Task brief
Exclude images; transcribe the rest of the data exactly.

Given material
---
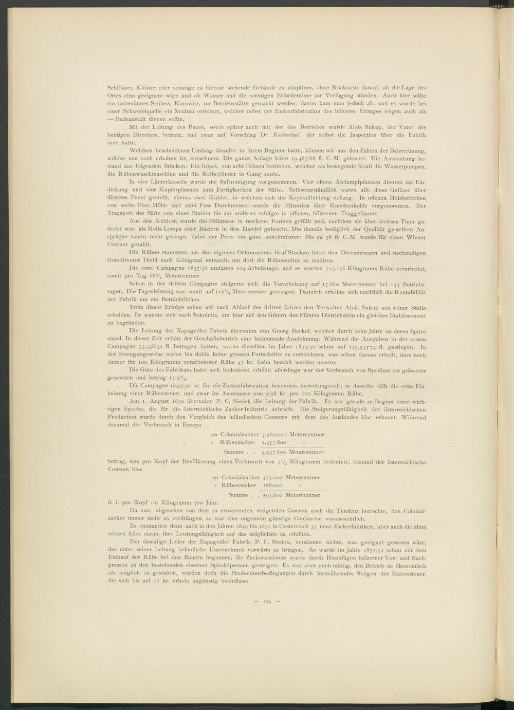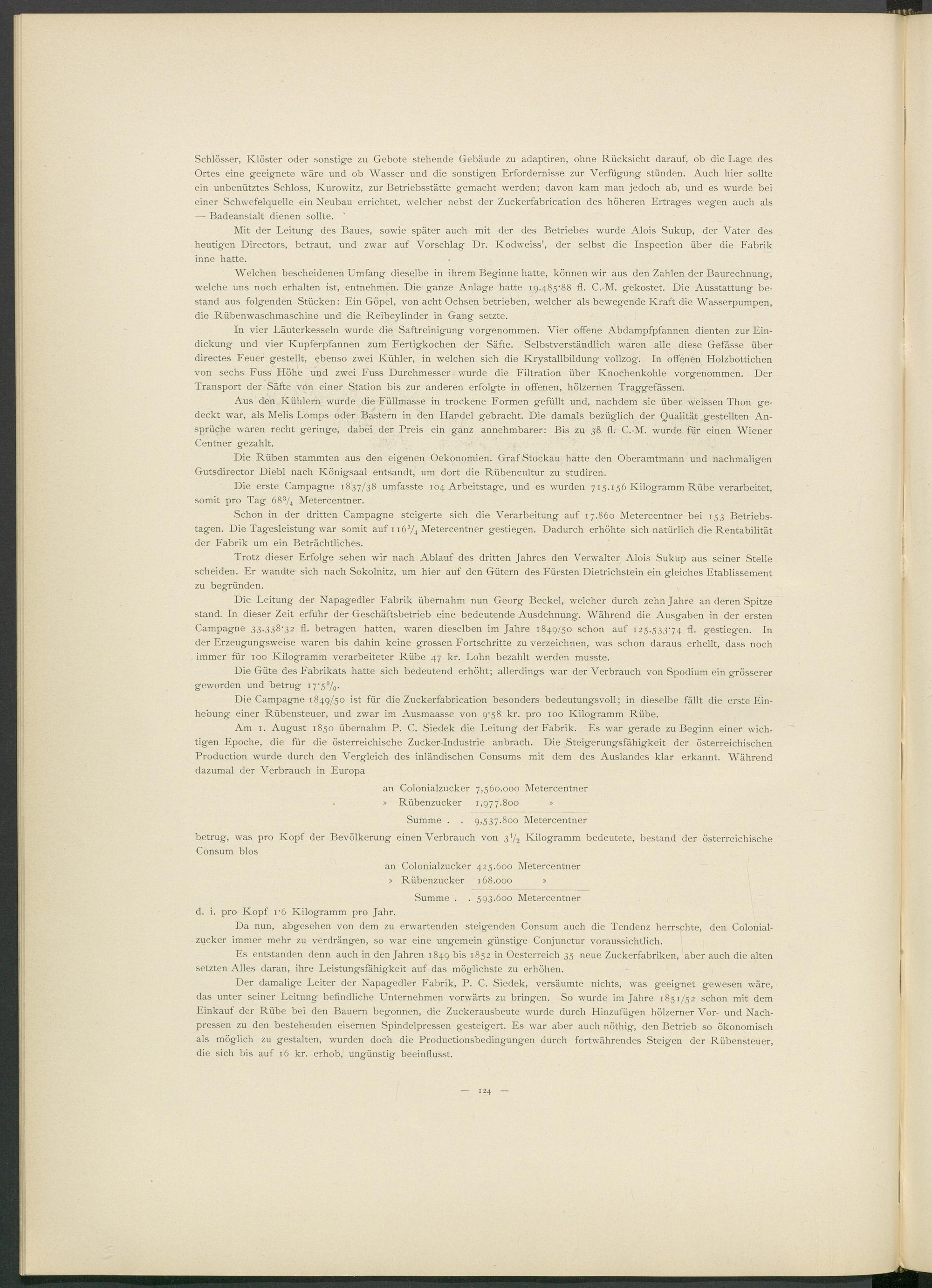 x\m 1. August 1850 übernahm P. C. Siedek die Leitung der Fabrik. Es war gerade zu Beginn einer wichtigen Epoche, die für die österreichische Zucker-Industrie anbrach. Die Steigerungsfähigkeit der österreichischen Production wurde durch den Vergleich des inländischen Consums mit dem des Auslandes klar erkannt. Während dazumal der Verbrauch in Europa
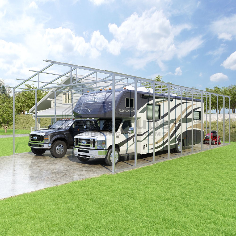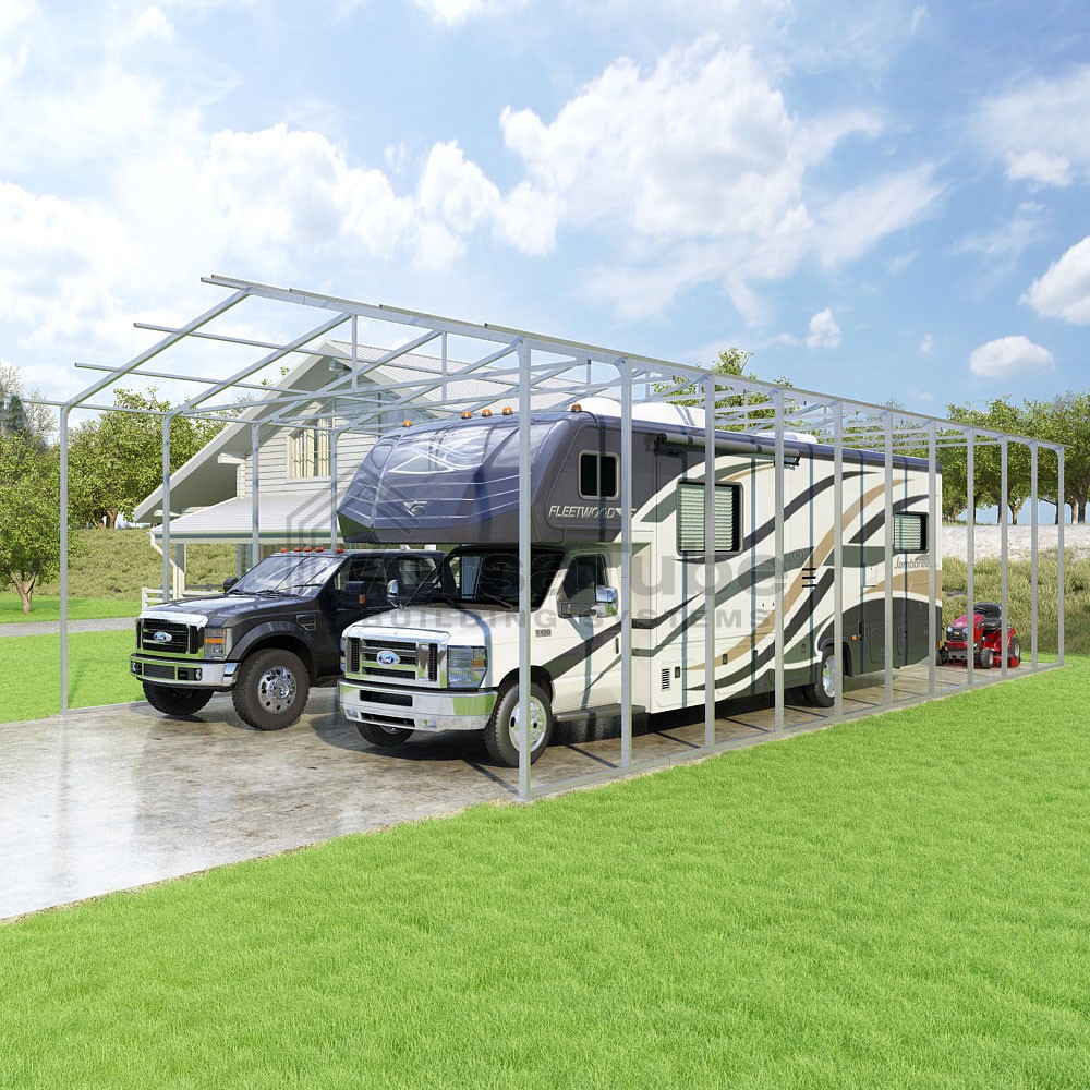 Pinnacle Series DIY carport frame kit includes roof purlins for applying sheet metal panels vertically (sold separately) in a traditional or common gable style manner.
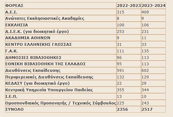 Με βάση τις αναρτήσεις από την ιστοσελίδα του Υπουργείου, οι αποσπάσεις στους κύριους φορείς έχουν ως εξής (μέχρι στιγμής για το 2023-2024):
---
Your solution
 x\m 1. August 1850 übernahm P. C. Siedek die Leitung der Fabrik. Es war gerade zu Beginn einer wichtigen Epoche, die für die österreichische Zucker-Industrie anbrach. Die Steigerungsfähigkeit der österreichischen Production wurde durch den Vergleich des inländischen Consums mit dem des Auslandes klar erkannt. Während dazumal der Verbrauch in Europa
 Pinnacle Series DIY carport frame kit includes roof purlins for applying sheet metal panels vertically (sold separately) in a traditional or common gable style manner.
 Με βάση τις αναρτήσεις από την ιστοσελίδα του Υπουργείου, οι αποσπάσεις στους κύριους φορείς έχουν ως εξής (μέχρι στιγμής για το 2023-2024):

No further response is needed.